Task goal = Leaving the pictures aside, restate all of the data exactly.

Given data =
- Opening Delimiter -
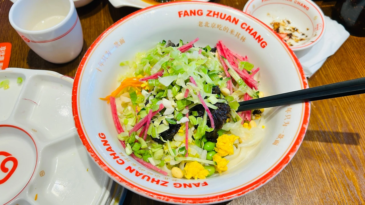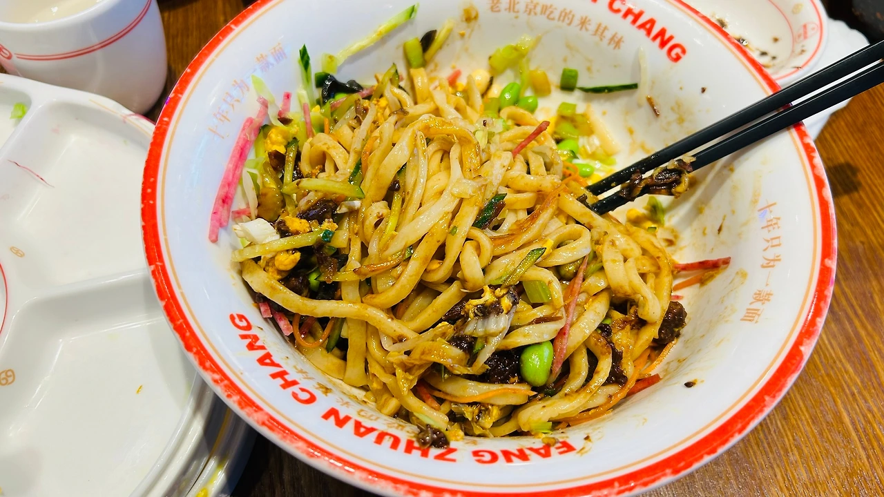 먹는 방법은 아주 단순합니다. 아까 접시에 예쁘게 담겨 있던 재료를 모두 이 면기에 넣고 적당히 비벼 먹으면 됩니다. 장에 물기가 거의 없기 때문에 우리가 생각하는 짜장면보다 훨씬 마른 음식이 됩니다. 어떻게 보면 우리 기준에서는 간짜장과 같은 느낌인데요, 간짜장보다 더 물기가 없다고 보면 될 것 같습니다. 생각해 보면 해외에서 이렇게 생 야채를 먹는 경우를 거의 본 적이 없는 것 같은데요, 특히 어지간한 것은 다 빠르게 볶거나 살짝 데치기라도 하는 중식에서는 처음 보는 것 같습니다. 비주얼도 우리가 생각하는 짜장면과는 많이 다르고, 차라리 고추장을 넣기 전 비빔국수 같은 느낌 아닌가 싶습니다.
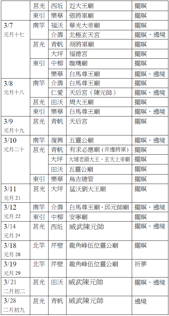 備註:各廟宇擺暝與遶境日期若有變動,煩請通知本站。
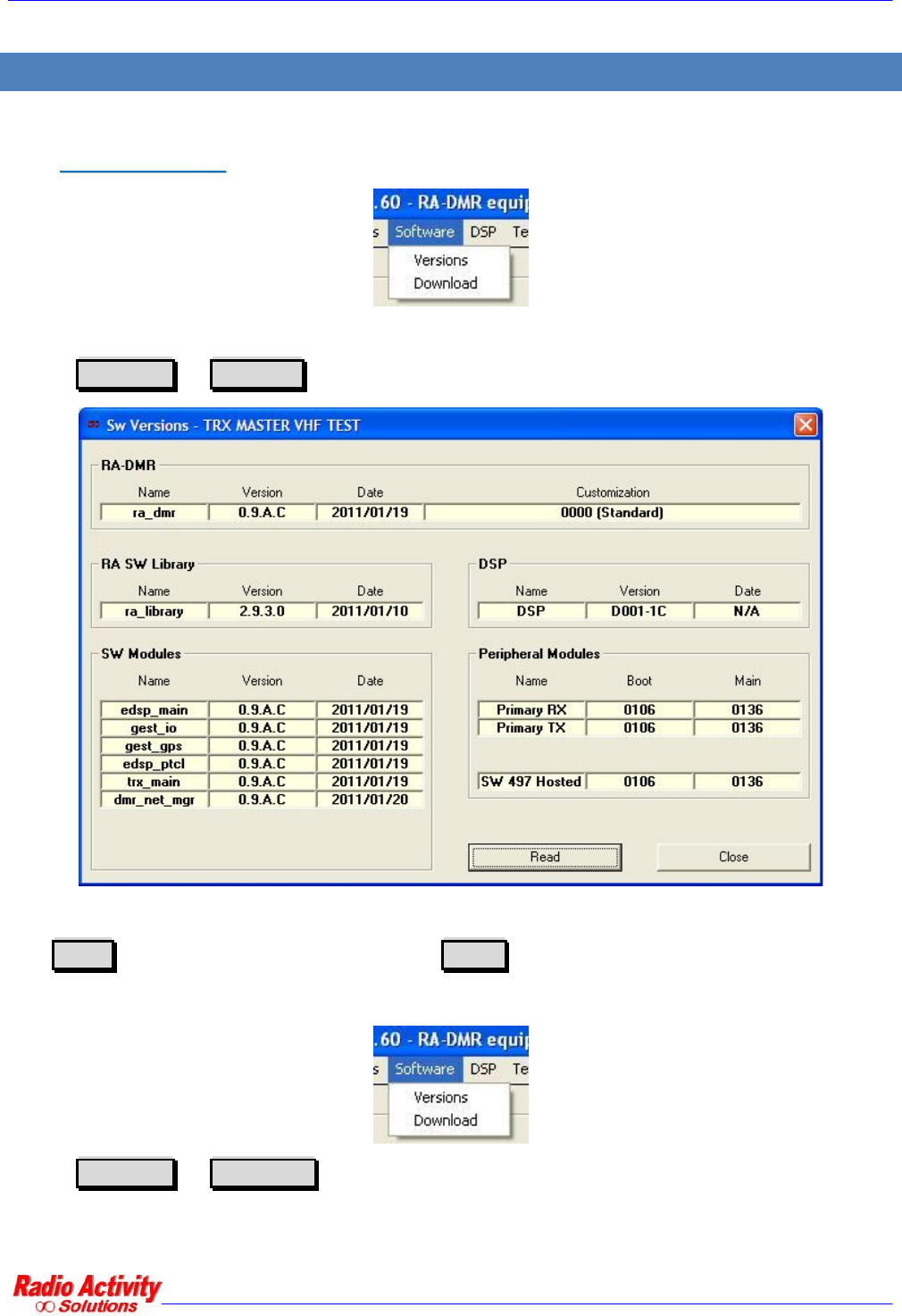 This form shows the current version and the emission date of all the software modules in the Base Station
- Closing Delimiter -
Exercise solution =
 먹는 방법은 아주 단순합니다. 아까 접시에 예쁘게 담겨 있던 재료를 모두 이 면기에 넣고 적당히 비벼 먹으면 됩니다. 장에 물기가 거의 없기 때문에 우리가 생각하는 짜장면보다 훨씬 마른 음식이 됩니다. 어떻게 보면 우리 기준에서는 간짜장과 같은 느낌인데요, 간짜장보다 더 물기가 없다고 보면 될 것 같습니다. 생각해 보면 해외에서 이렇게 생 야채를 먹는 경우를 거의 본 적이 없는 것 같은데요, 특히 어지간한 것은 다 빠르게 볶거나 살짝 데치기라도 하는 중식에서는 처음 보는 것 같습니다. 비주얼도 우리가 생각하는 짜장면과는 많이 다르고, 차라리 고추장을 넣기 전 비빔국수 같은 느낌 아닌가 싶습니다.
 備註:各廟宇擺暝與遶境日期若有變動,煩請通知本站。
 This form shows the current version and the emission date of all the software modules in the Base Station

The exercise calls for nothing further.